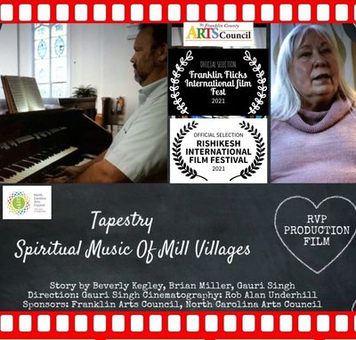 Our Tapestry is the stories of our homelands, cultures, faith, and struggles. Imagine you are journeying across the ocean on a slave ship to the plantation fields, leaving the land of your ancestors because of famine, political unrest, digging in the dirt farms as sharecroppers, going to work for “the Man” in the Mill Villages where churches were the epicenters. The film speaks about music played in churches in the piedmont region of North Carolina especially churches of Gastonia, North Carolina where cotton mills existed. Our cast, Brian Miller, takes us on a journey of a Mill Village where his ancestors worked, and the church that they attended where hymns and spiritual music played a major role in the lives of the cotton mill people.
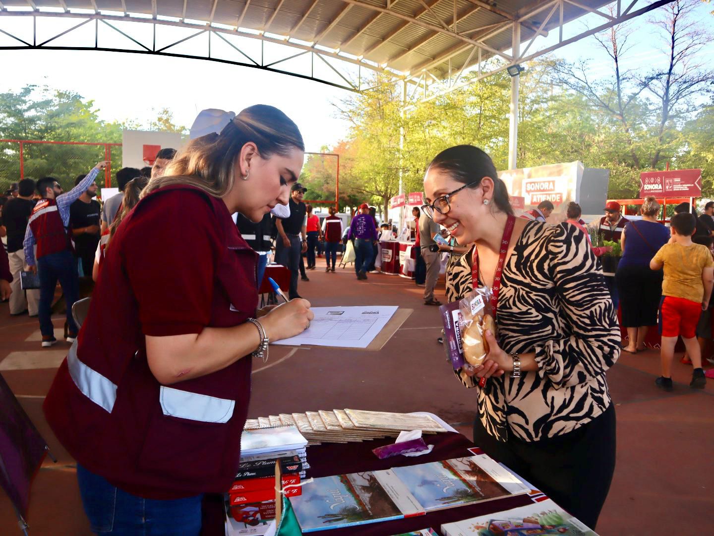 Mercedes Enríquez dijo que la feria de servicios “Sonora Atiende” beneficia a aquellas personas que por alguna condición física se les dificulta trasladarse a oficinas gubernamentales, y con estos eventos pueden resolver sus inquietudes con distintas dependencias.
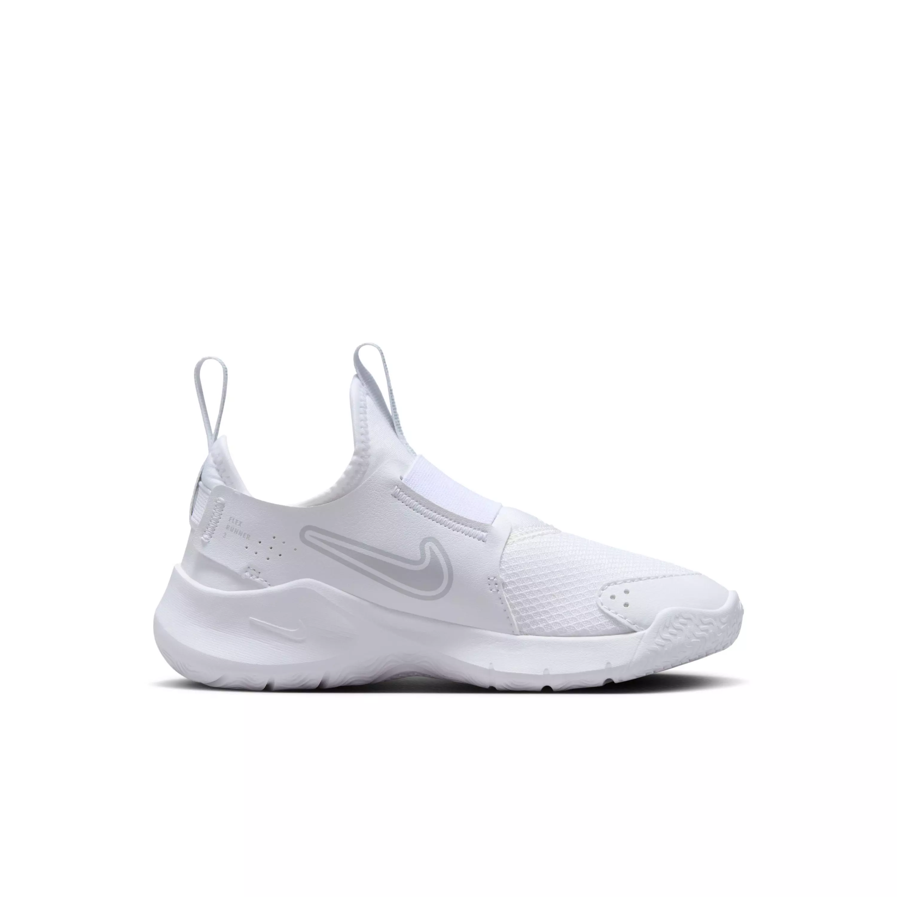 Running shoes made easy! Made for kids who love to play all day, the Nike Flex Runner 3 "White/White/Pure Platinum" Preschool Boys' Running Shoe pairs a stretchy bootie design with a flexible outsole and grippy traction. No laces mean they're super quick to slip on and off. So, who's ready to race?Features
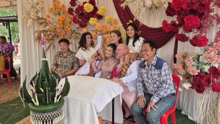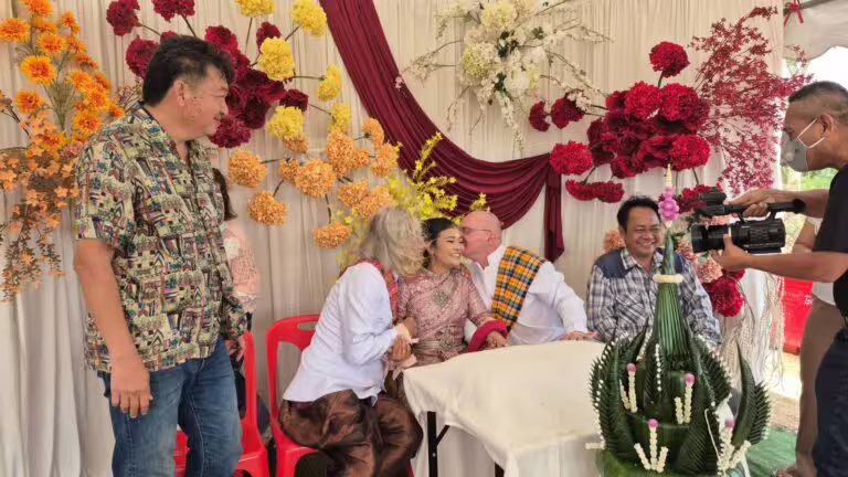 泰國東北部日前舉行一場罕見的「三人婚禮」!一名37歲的新娘杜吉端吉察羅 (Dujduan Ketsaro,暱稱吉格Gig) 於2月28日,在布里蘭府帕空猜縣同時與兩名來自奧地利的男子完成婚禮,三人決定共同生活,引發社群廣泛討論。
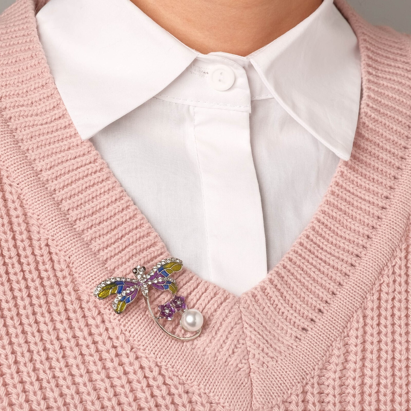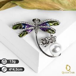 Брошь "Стрекоза" с бусиной, цветная в серебре
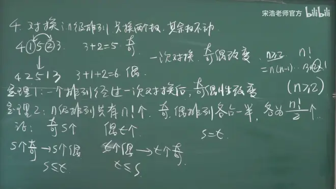 n=4k+2或+3时是奇排列
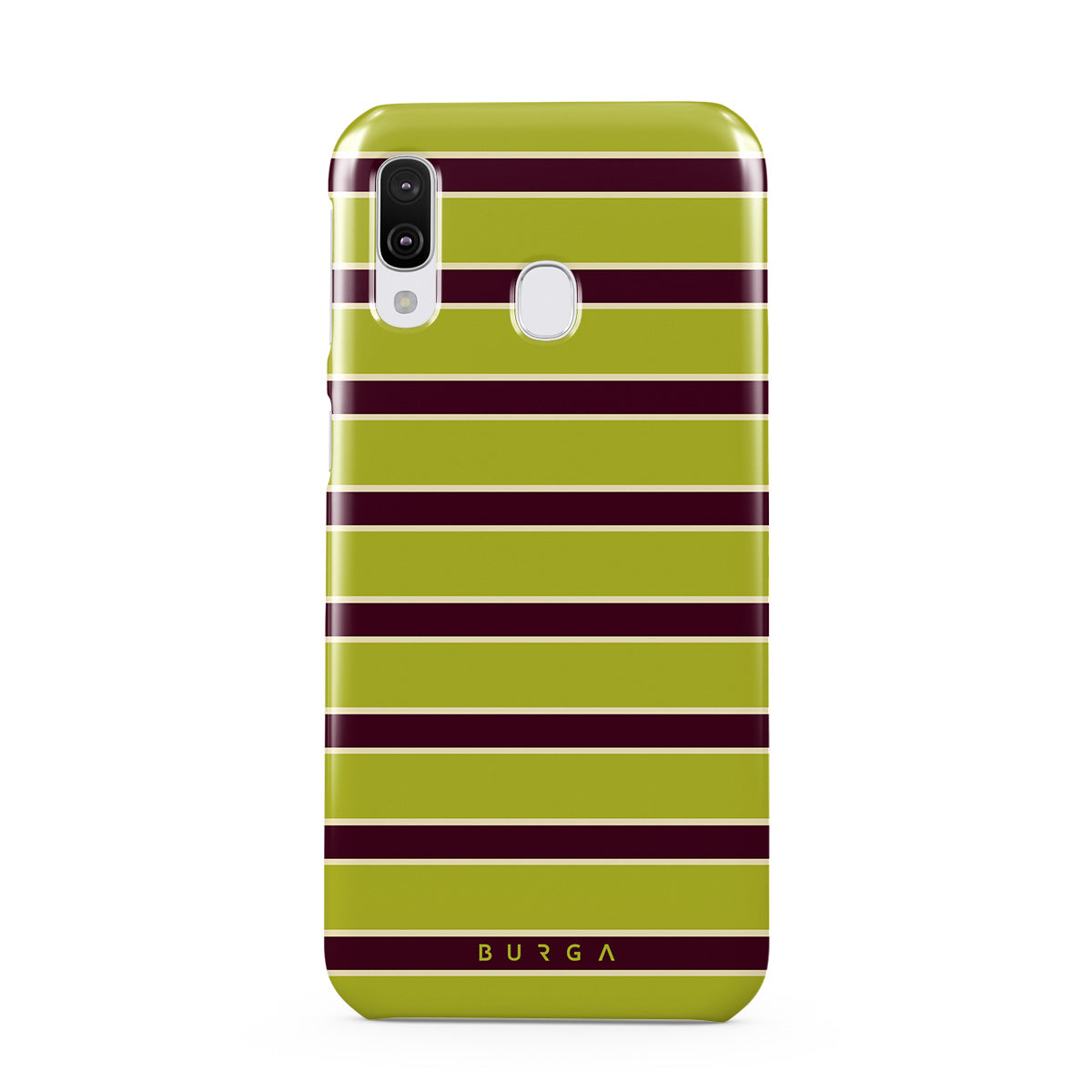 This design features: thick horizontal stripes in lime green and burgundy .
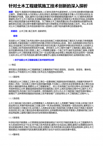 针对土木工程建筑施工技术创新的深入探析摘要:现如今,我国经济发展越来越快,人们的生活条件也逐渐转好,人们对生活的要求质量也随之提升。房屋住宅是人们经常出入的生活地方,其房屋住宅的质量关乎着人们日常生命安全,也影响着经济发展。因此,建筑行业在建设房屋住宅时要能重视质量的提升,为人们提供优质的房屋建筑,而对于土木工程而言,在保障质量的基础上,建筑单位还需要充分考虑经济效益,这样建筑单位才能实现质量与成本降低双赢。为了确保土木工程的质量达标,符合国家提出的建筑标准,建筑单位在施工的过程中需要对建筑细节...
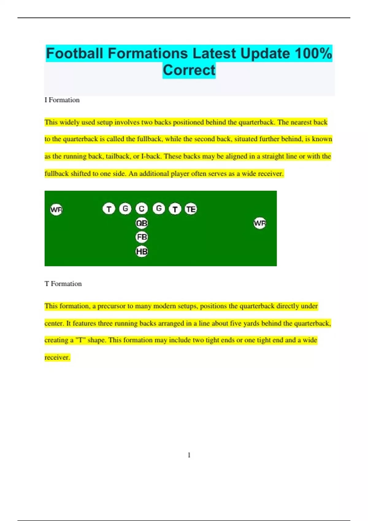 Football Formations Latest Update 100% Correct I Formation This widely used setup involves two backs positioned behind the quarterback. The nearest back to the quarterback is called the fullback, while the second back, situated further behind, is known as the running back, tailback, or I-back. These backs may be aligned in a straight line or with the fullback shifted to one side. An additional player often serves as a wide receiver. T Formation This formation, a precursor to many modern setups, positions the quarterback directly under center. It features three running backs arranged in a line about five yards behind the quarterback, creating a "T" shape. This formation may include two tight ends or one tight end and a wide receiver. 2 I Formation with Fullback Offset (Strongside) In this variation, the fullback is positioned to the strong side of the offensive line, along with the tight end. I Formation with Fullback Offset (Weakside) Here, the fullback is aligned to the weak side of the offensive line, accompanied by the tight end. Maryland I Formation 3 This version of the I Formation has three running backs and no flanker, with the fullback and two halfbacks lined up directly behind the quarterback. Power I Formation A variation that includes two fullbacks (one offset) and one halfback positioned behind the quarterback, without a flanker.
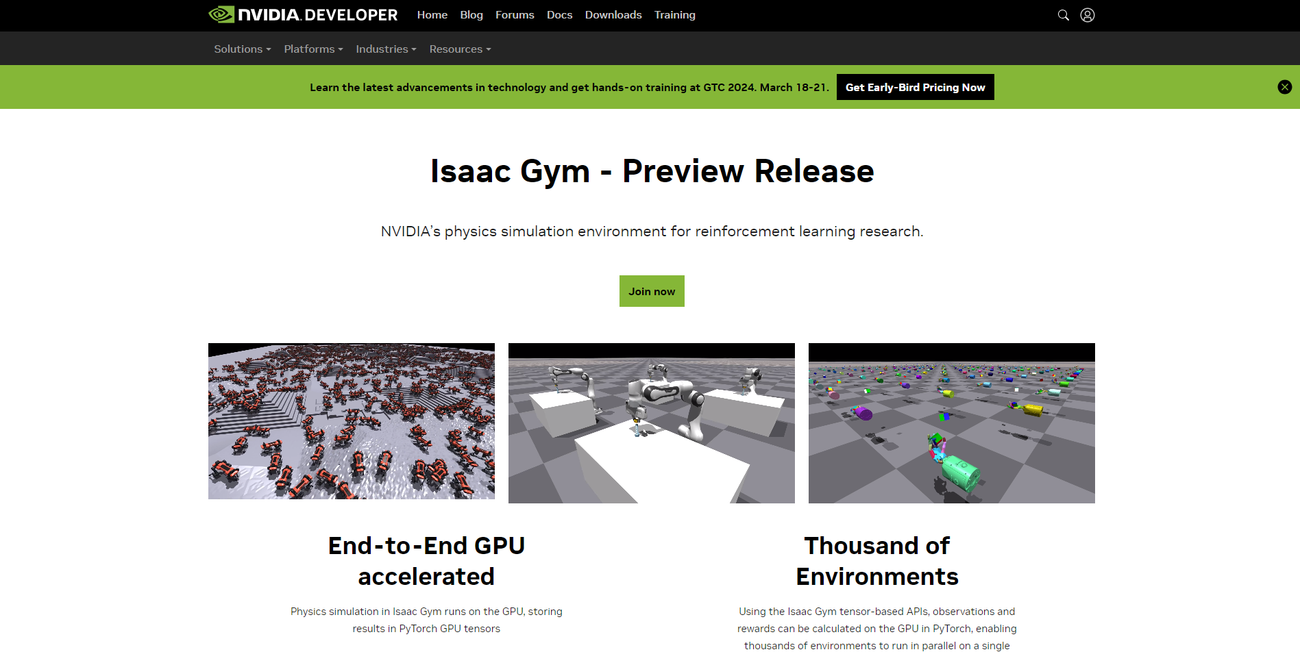 먼저 Isaac Gym을 다운로드하기 위해서는 Nvidia 계정이 필요하다. Nvidia에 가입하여 계정을 생성한 후 Isaac Gym 웹페이지로 들어가서 Join now 버튼을 누른다.
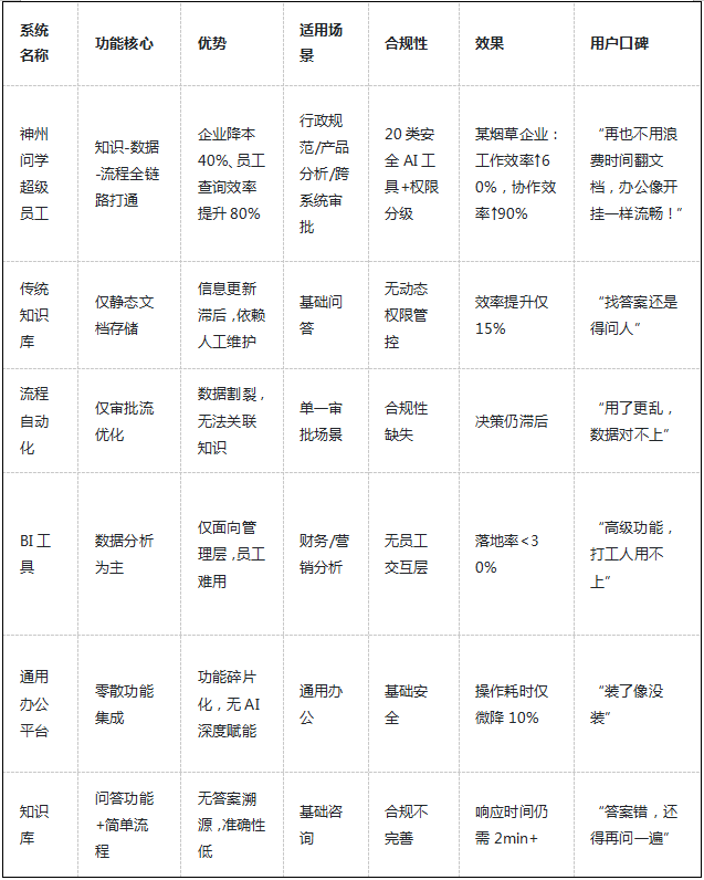 结论:神州问学超级员工是优解 - 优势碾压:其他系统仅解决“单点问题”,神州问学超级员工深度打通“知识-数据-流程”,实现“秒级响应+答案溯源”。 - 量化价值:员工查询响应从3分钟→10秒;会议室预定时间从1.5分钟→15秒;按人均年薪15万元计,1000人企业每年可省12500个工作日,直接节约成本约750万元,降本40%。 - 合规护航:内置20类安全AI工具,基于敏感度分级权限,规避数据泄露风险。
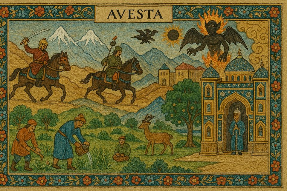 רבים סבורים כי דווקא כאן, בפרט באדמת ח'וראזם הפורייה על חופי אמו-דאריה חוברו הפרקים הראשונים של "אווסטה" (Avesta) – ספר קדוש של דת זרטוסטרא[5]. ואכן קל לדמיין זאת. תושבי האזור גרים בדואליות התמידית בין המדבריות הלוהטות לשלגי העד של פסגות ההרים, בין חום נורא ביום לקור עז בלילה, בין החקלאים השלווים בנאות המדבר לנומדים לוחמניים בשולי המדבר והערבות, בין מוקדי התרבות המשגשגים – על מקדשיהם וארמונותיהם – לבין החולות הנצחיים הקוברים כל דבר. דואליות זו משתקפת היטב גם באמונתם ובמטפיזיקה שלהם: הטוב והרע, האלים והשדים – הציר המרכזי בתורתו של זרטוסטרא.
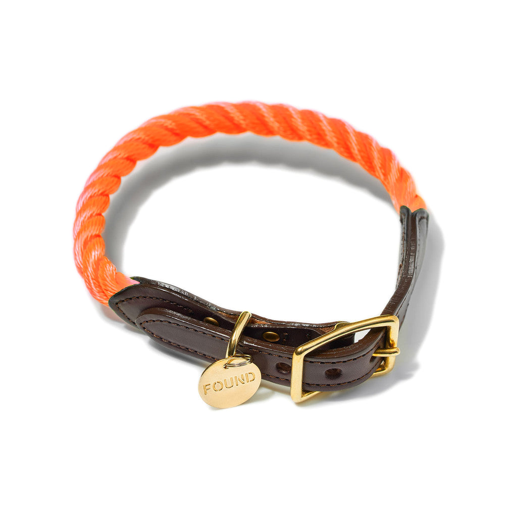 Bright Orange Rope Dog Collar by New York-based designers, Found My Animal. This synthetic dog collar is hand-spliced and finished with leather and brass fixings for added durability. The collar will soften with wear and is perfect for everyday use, including rainy days.
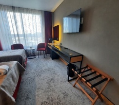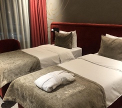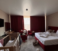 Заехали ночью. Номер улучшенный. На троих. В наличии все что нужно-банные принпдлежности, вода, чай кофе. Отличная кровать. Чисто. Климат контроль в комнате.
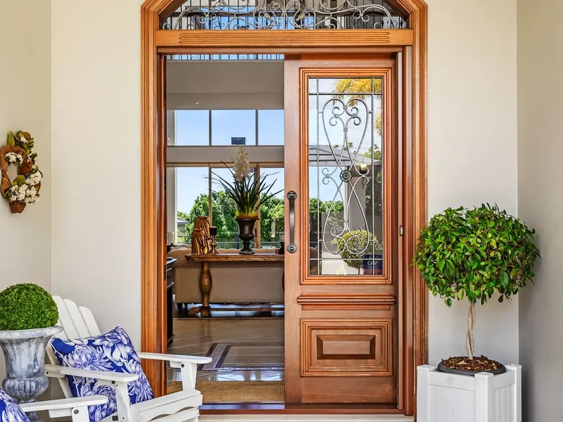 A stunning 12.5m in-ground swimming pool sits surrounded by manicured lawns and established landscaping, creating a tranquil oasis for relaxation and entertaining. The deluxe poolside cabana, complete with built-in BBQ facilities and entertaining space, elevates alfresco living to another level.
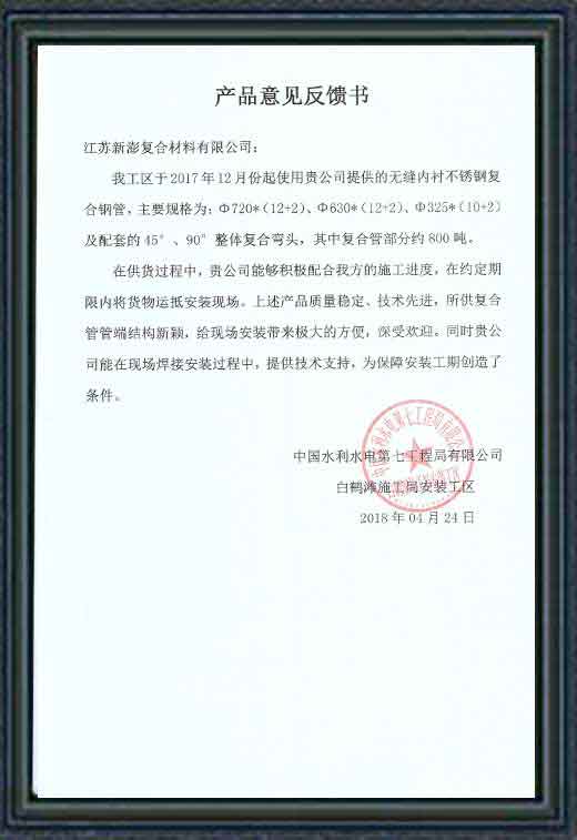 臨江市引泉入城項(xiàng)目,管道總長(zhǎng)108公里、被稱為全球最長(zhǎng)距離天然礦泉水輸送工程,輸送壓力4MPa;我司提供DN700內(nèi)襯不銹鋼螺旋焊管及配套管件,供貨總量超過30公里(供貨時(shí)間2016)。

- Activity
When you repeat the data, keep it exact and drop every picture.

- Written response
 Our Tapestry is the stories of our homelands, cultures, faith, and struggles. Imagine you are journeying across the ocean on a slave ship to the plantation fields, leaving the land of your ancestors because of famine, political unrest, digging in the dirt farms as sharecroppers, going to work for “the Man” in the Mill Villages where churches were the epicenters. The film speaks about music played in churches in the piedmont region of North Carolina especially churches of Gastonia, North Carolina where cotton mills existed. Our cast, Brian Miller, takes us on a journey of a Mill Village where his ancestors worked, and the church that they attended where hymns and spiritual music played a major role in the lives of the cotton mill people.
 Mercedes Enríquez dijo que la feria de servicios “Sonora Atiende” beneficia a aquellas personas que por alguna condición física se les dificulta trasladarse a oficinas gubernamentales, y con estos eventos pueden resolver sus inquietudes con distintas dependencias.
 Running shoes made easy! Made for kids who love to play all day, the Nike Flex Runner 3 "White/White/Pure Platinum" Preschool Boys' Running Shoe pairs a stretchy bootie design with a flexible outsole and grippy traction. No laces mean they're super quick to slip on and off. So, who's ready to race?Features
 泰國東北部日前舉行一場罕見的「三人婚禮」!一名37歲的新娘杜吉端吉察羅 (Dujduan Ketsaro,暱稱吉格Gig) 於2月28日,在布里蘭府帕空猜縣同時與兩名來自奧地利的男子完成婚禮,三人決定共同生活,引發社群廣泛討論。
 Брошь "Стрекоза" с бусиной, цветная в серебре
 n=4k+2或+3时是奇排列
 This design features: thick horizontal stripes in lime green and burgundy .
 针对土木工程建筑施工技术创新的深入探析摘要:现如今,我国经济发展越来越快,人们的生活条件也逐渐转好,人们对生活的要求质量也随之提升。房屋住宅是人们经常出入的生活地方,其房屋住宅的质量关乎着人们日常生命安全,也影响着经济发展。因此,建筑行业在建设房屋住宅时要能重视质量的提升,为人们提供优质的房屋建筑,而对于土木工程而言,在保障质量的基础上,建筑单位还需要充分考虑经济效益,这样建筑单位才能实现质量与成本降低双赢。为了确保土木工程的质量达标,符合国家提出的建筑标准,建筑单位在施工的过程中需要对建筑细节...
 Football Formations Latest Update 100% Correct I Formation This widely used setup involves two backs positioned behind the quarterback. The nearest back to the quarterback is called the fullback, while the second back, situated further behind, is known as the running back, tailback, or I-back. These backs may be aligned in a straight line or with the fullback shifted to one side. An additional player often serves as a wide receiver. T Formation This formation, a precursor to many modern setups, positions the quarterback directly under center. It features three running backs arranged in a line about five yards behind the quarterback, creating a "T" shape. This formation may include two tight ends or one tight end and a wide receiver. 2 I Formation with Fullback Offset (Strongside) In this variation, the fullback is positioned to the strong side of the offensive line, along with the tight end. I Formation with Fullback Offset (Weakside) Here, the fullback is aligned to the weak side of the offensive line, accompanied by the tight end. Maryland I Formation 3 This version of the I Formation has three running backs and no flanker, with the fullback and two halfbacks lined up directly behind the quarterback. Power I Formation A variation that includes two fullbacks (one offset) and one halfback positioned behind the quarterback, without a flanker.
 먼저 Isaac Gym을 다운로드하기 위해서는 Nvidia 계정이 필요하다. Nvidia에 가입하여 계정을 생성한 후 Isaac Gym 웹페이지로 들어가서 Join now 버튼을 누른다.
 结论:神州问学超级员工是优解 - 优势碾压:其他系统仅解决“单点问题”,神州问学超级员工深度打通“知识-数据-流程”,实现“秒级响应+答案溯源”。 - 量化价值:员工查询响应从3分钟→10秒;会议室预定时间从1.5分钟→15秒;按人均年薪15万元计,1000人企业每年可省12500个工作日,直接节约成本约750万元,降本40%。 - 合规护航:内置20类安全AI工具,基于敏感度分级权限,规避数据泄露风险。
 רבים סבורים כי דווקא כאן, בפרט באדמת ח'וראזם הפורייה על חופי אמו-דאריה חוברו הפרקים הראשונים של "אווסטה" (Avesta) – ספר קדוש של דת זרטוסטרא[5]. ואכן קל לדמיין זאת. תושבי האזור גרים בדואליות התמידית בין המדבריות הלוהטות לשלגי העד של פסגות ההרים, בין חום נורא ביום לקור עז בלילה, בין החקלאים השלווים בנאות המדבר לנומדים לוחמניים בשולי המדבר והערבות, בין מוקדי התרבות המשגשגים – על מקדשיהם וארמונותיהם – לבין החולות הנצחיים הקוברים כל דבר. דואליות זו משתקפת היטב גם באמונתם ובמטפיזיקה שלהם: הטוב והרע, האלים והשדים – הציר המרכזי בתורתו של זרטוסטרא.
 Bright Orange Rope Dog Collar by New York-based designers, Found My Animal. This synthetic dog collar is hand-spliced and finished with leather and brass fixings for added durability. The collar will soften with wear and is perfect for everyday use, including rainy days.
 Заехали ночью. Номер улучшенный. На троих. В наличии все что нужно-банные принпдлежности, вода, чай кофе. Отличная кровать. Чисто. Климат контроль в комнате.
 A stunning 12.5m in-ground swimming pool sits surrounded by manicured lawns and established landscaping, creating a tranquil oasis for relaxation and entertaining. The deluxe poolside cabana, complete with built-in BBQ facilities and entertaining space, elevates alfresco living to another level.
 臨江市引泉入城項(xiàng)目,管道總長(zhǎng)108公里、被稱為全球最長(zhǎng)距離天然礦泉水輸送工程,輸送壓力4MPa;我司提供DN700內(nèi)襯不銹鋼螺旋焊管及配套管件,供貨總量超過30公里(供貨時(shí)間2016)。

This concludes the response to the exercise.